What to do:
Extract from the entries below, exactly as given, only the lines from the line containing "The SUNday Social" to the line containing "Rustikt soffbord i", both lines included.

··· Records for the task ···

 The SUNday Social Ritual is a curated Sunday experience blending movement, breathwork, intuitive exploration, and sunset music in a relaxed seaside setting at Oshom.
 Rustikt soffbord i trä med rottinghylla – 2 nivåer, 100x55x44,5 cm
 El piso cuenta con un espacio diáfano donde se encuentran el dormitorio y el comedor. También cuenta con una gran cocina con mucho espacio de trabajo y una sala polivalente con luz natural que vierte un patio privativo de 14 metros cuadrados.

···
··· Records for the task ···

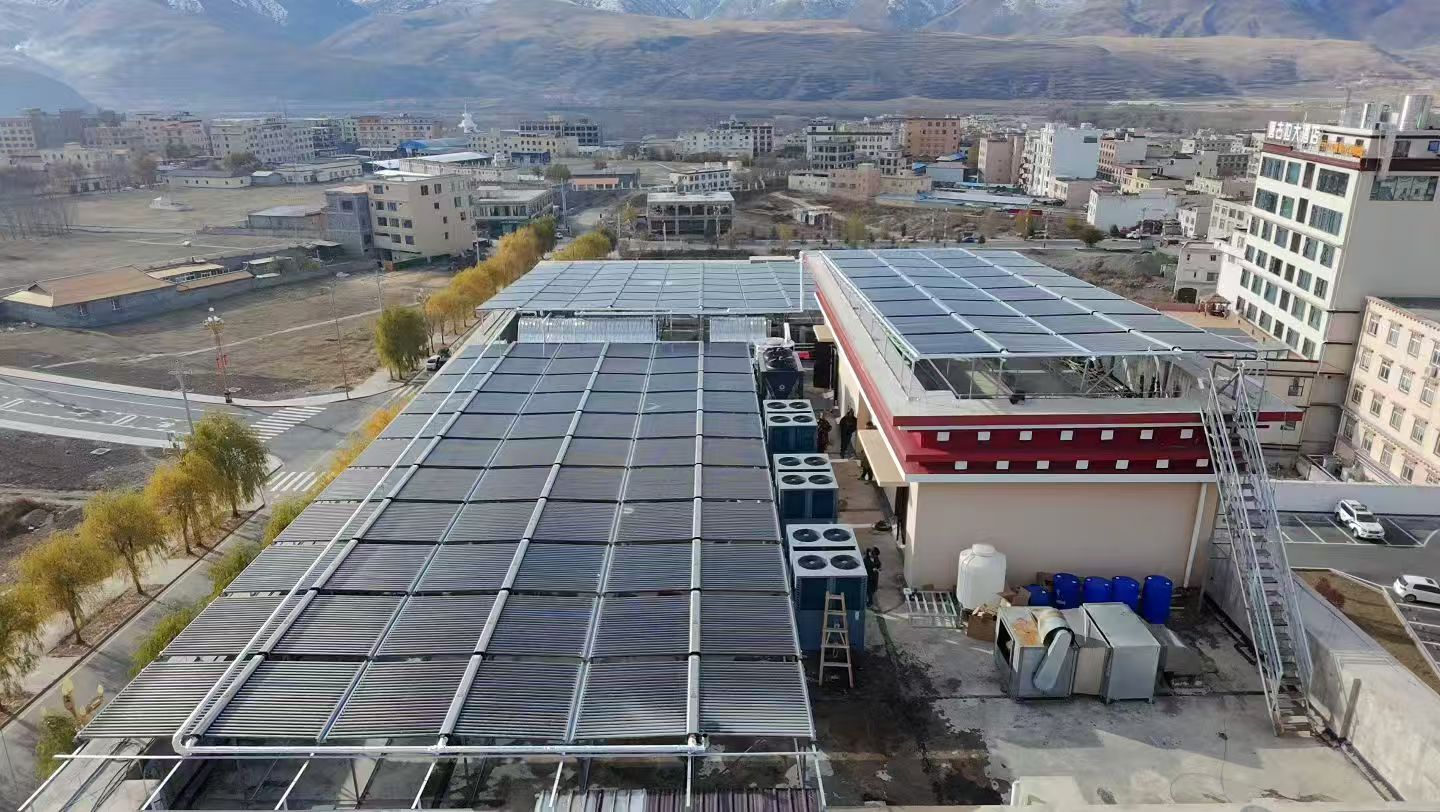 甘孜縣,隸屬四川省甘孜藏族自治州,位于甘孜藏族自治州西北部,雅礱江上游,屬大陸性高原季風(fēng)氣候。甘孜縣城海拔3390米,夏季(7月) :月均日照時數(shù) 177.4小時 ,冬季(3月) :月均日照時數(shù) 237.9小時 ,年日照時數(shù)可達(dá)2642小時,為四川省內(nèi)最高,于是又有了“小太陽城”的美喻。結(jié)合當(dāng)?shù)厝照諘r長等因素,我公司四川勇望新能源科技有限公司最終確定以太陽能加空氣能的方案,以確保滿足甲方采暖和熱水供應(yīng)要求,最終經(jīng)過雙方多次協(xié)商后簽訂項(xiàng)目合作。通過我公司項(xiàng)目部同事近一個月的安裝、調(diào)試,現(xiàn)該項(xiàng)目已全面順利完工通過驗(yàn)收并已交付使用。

···

Result for this exercise:
 The SUNday Social Ritual is a curated Sunday experience blending movement, breathwork, intuitive exploration, and sunset music in a relaxed seaside setting at Oshom.
 Rustikt soffbord i trä med rottinghylla – 2 nivåer, 100x55x44,5 cm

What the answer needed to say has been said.